[[ Provided data open ]]
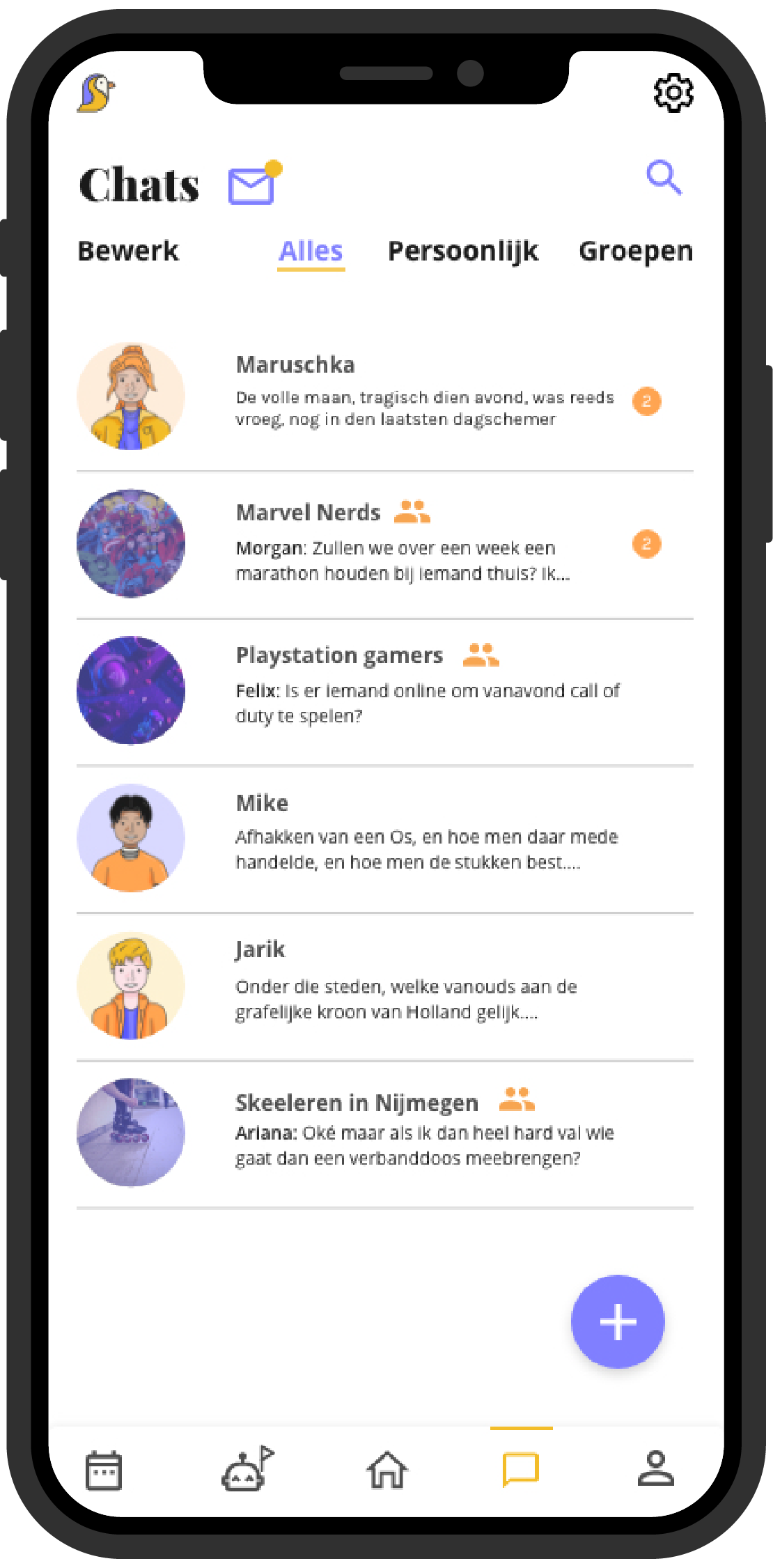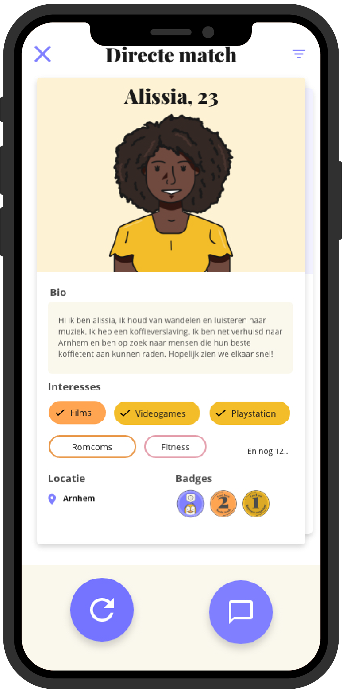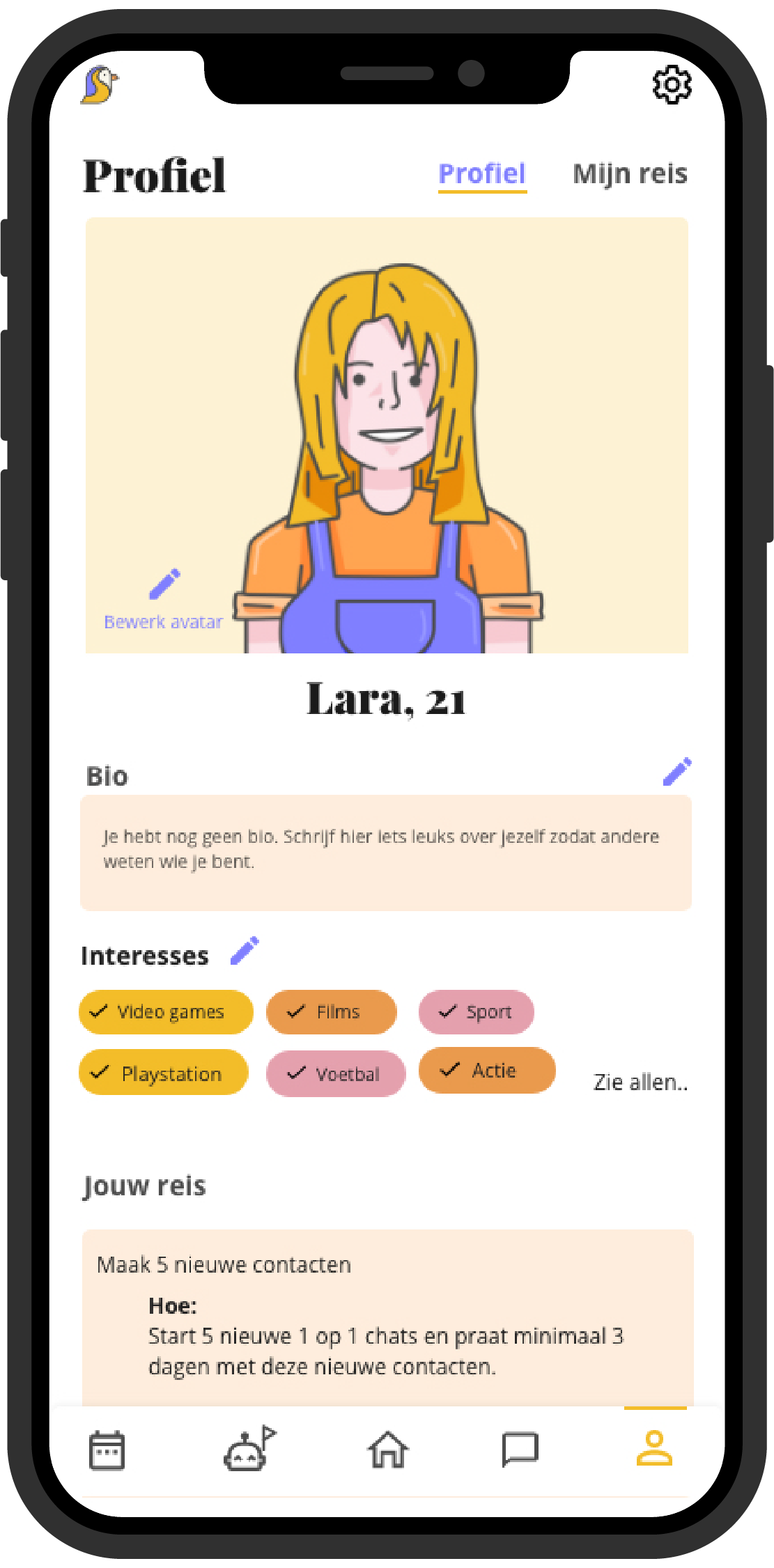 The application is a mobile app. The application uses avatars so that the pressure of the 'perfect image' online is removed and the target group dares to be more themselves online, enabling them to make genuine connections. The application includes an activity finder and a game to meet new people. In this game, you go through a number of questions together to get to know each other better; this establishes initial contact and provides things you can talk about.
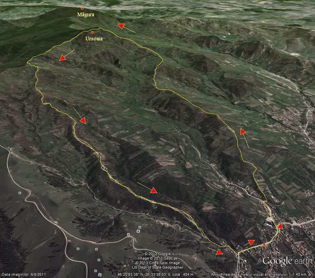 – traseu: Cucuieţi – Vf. Ursoaia – Cucuieţi
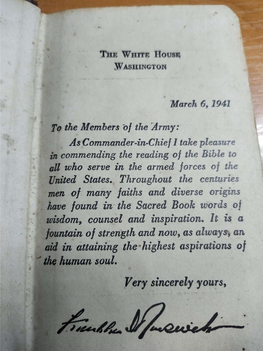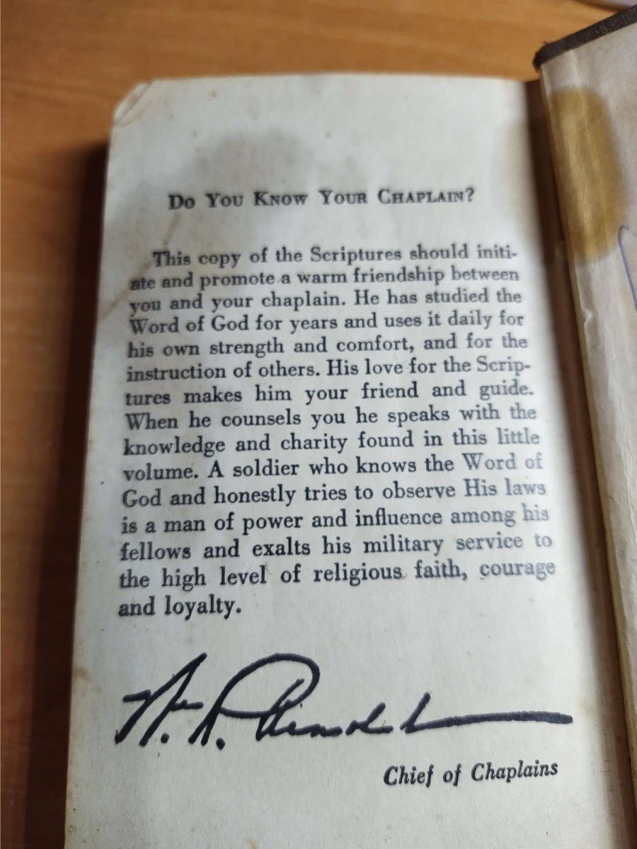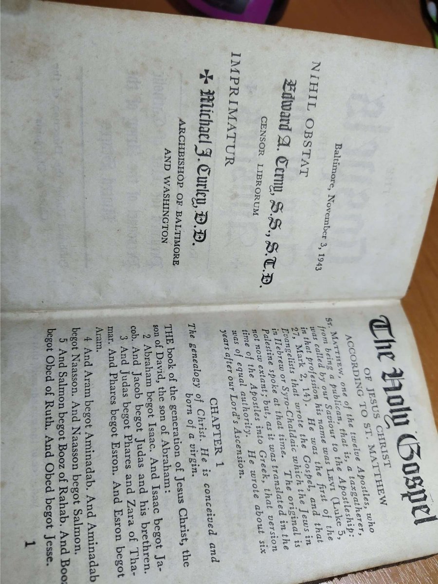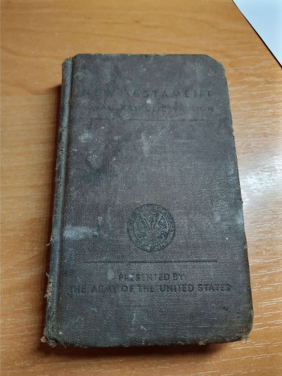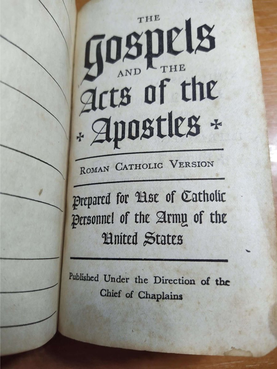 Тут пишут 1943 год, Молитвенник для католических военнослужащих в армии Соединенных Штатов: https://www.worthpoint.com/worthopedia/1943-gi-roman-catholic-new-testament-prayer С ув.
[[ Provided data closed ]]
- [What the exercise asks]: Each line from the start of the listing above through the line with "Ursoaia – Cucuieţi" is what to output, exactly as written and without pictures.

- [Problem solution]:
 The application is a mobile app. The application uses avatars so that the pressure of the 'perfect image' online is removed and the target group dares to be more themselves online, enabling them to make genuine connections. The application includes an activity finder and a game to meet new people. In this game, you go through a number of questions together to get to know each other better; this establishes initial contact and provides things you can talk about.
 – traseu: Cucuieţi – Vf. Ursoaia – Cucuieţi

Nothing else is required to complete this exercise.